◆ Problem description
From the line containing "Exposant Fake Plugs" through the last line of the data, both ends included, write out every line exactly; omit the pictures.

◆ Dataset section
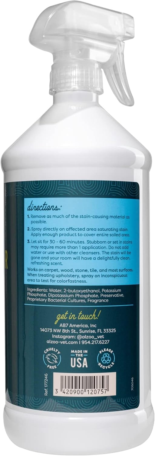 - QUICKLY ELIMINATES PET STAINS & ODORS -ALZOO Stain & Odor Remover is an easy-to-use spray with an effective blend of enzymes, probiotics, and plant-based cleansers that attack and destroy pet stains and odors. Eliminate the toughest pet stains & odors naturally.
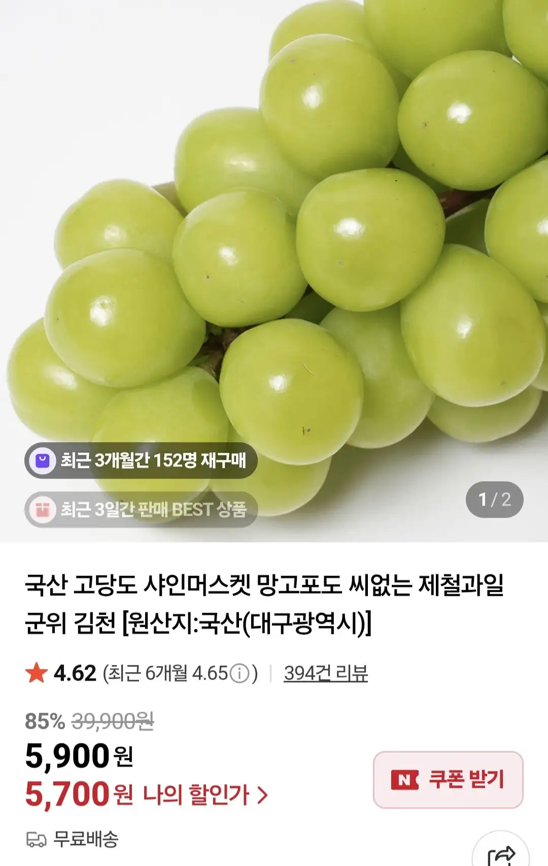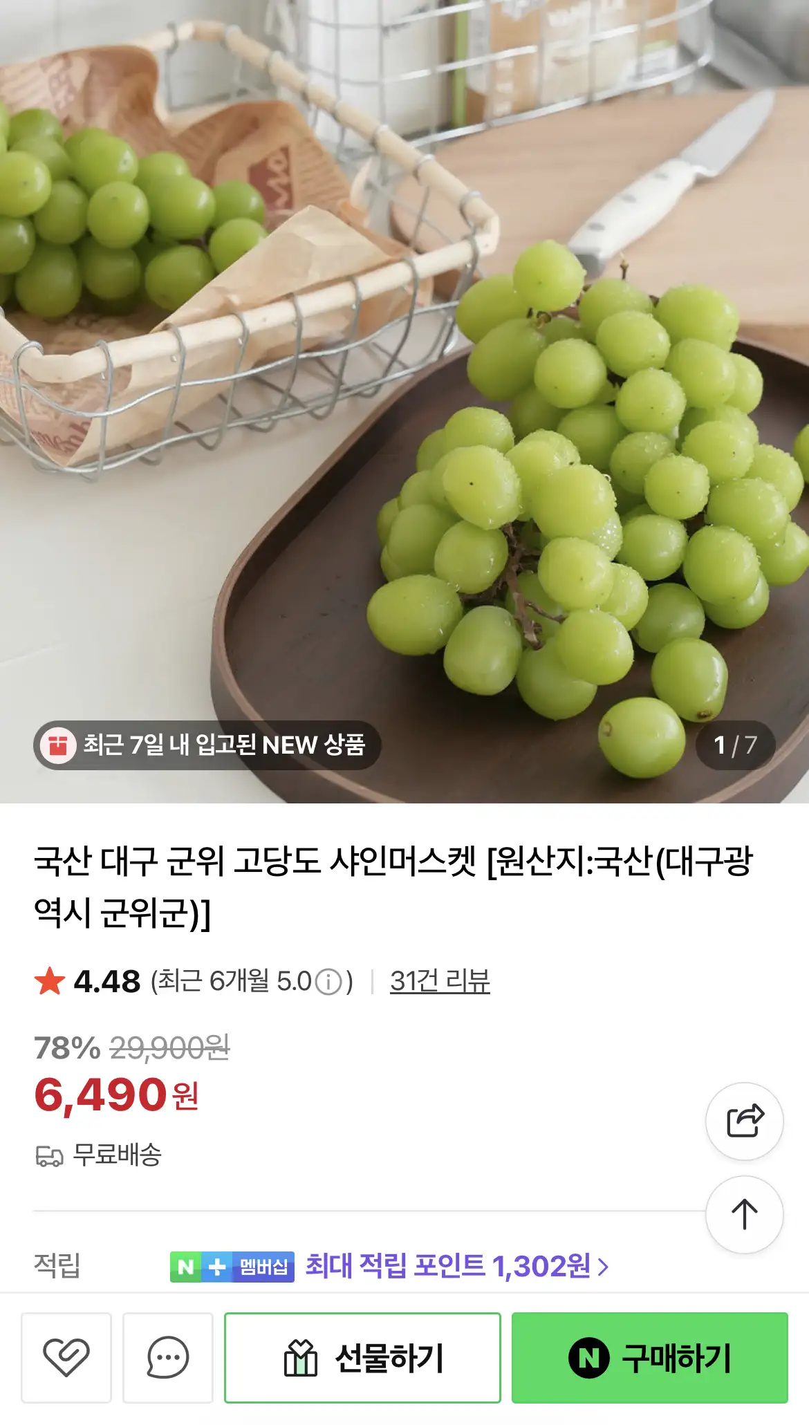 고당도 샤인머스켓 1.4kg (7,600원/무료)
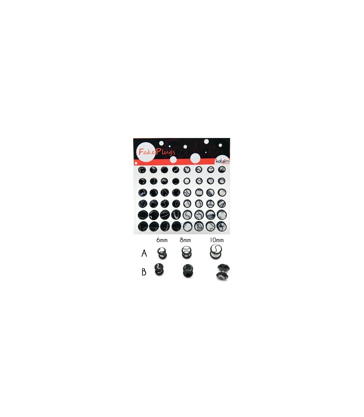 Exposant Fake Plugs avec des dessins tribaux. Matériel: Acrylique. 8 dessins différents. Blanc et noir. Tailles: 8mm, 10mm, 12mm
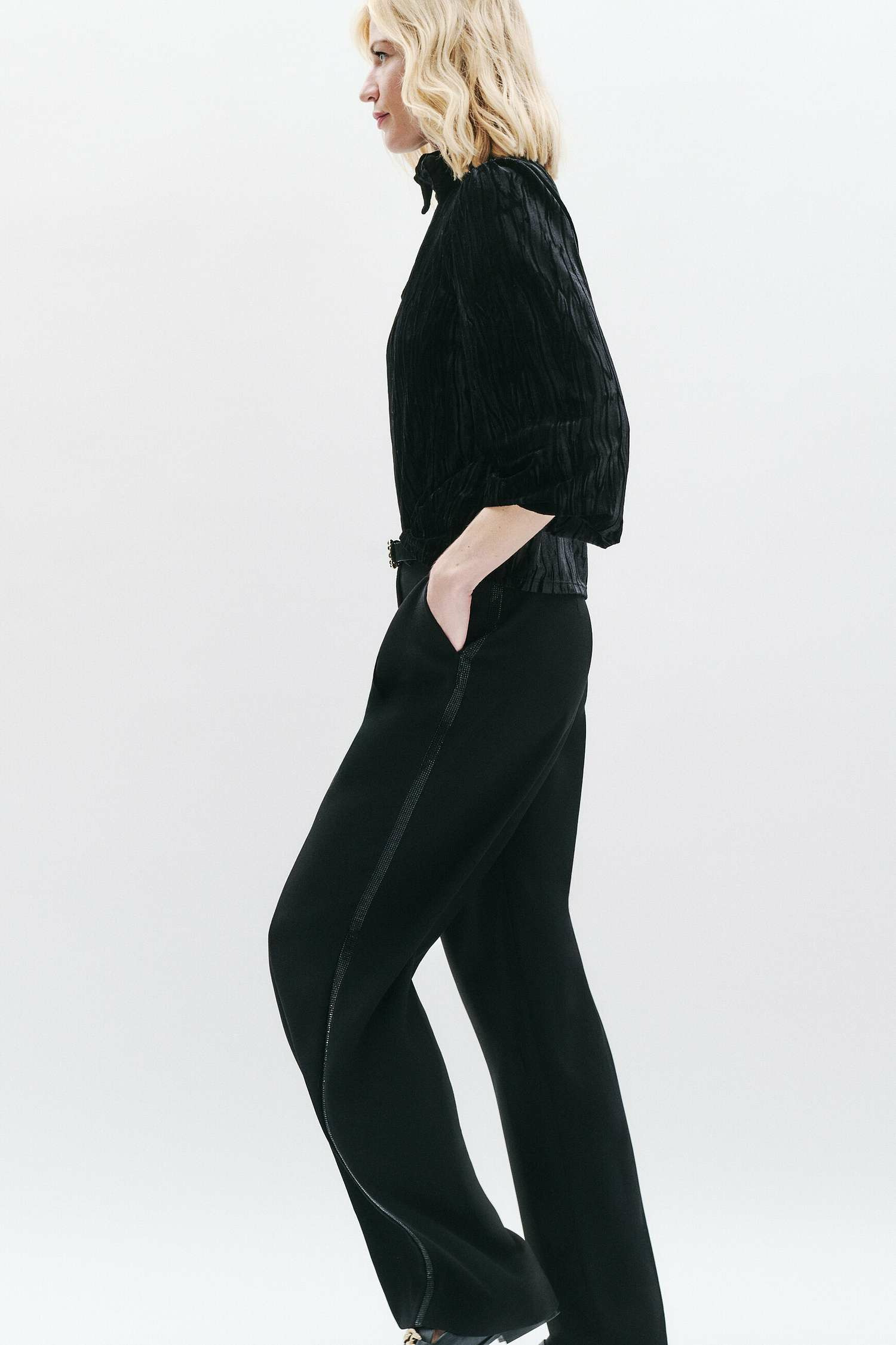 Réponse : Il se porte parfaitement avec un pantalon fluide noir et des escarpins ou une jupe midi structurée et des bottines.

◆ Reply
 Exposant Fake Plugs avec des dessins tribaux. Matériel: Acrylique. 8 dessins différents. Blanc et noir. Tailles: 8mm, 10mm, 12mm
 Réponse : Il se porte parfaitement avec un pantalon fluide noir et des escarpins ou une jupe midi structurée et des bottines.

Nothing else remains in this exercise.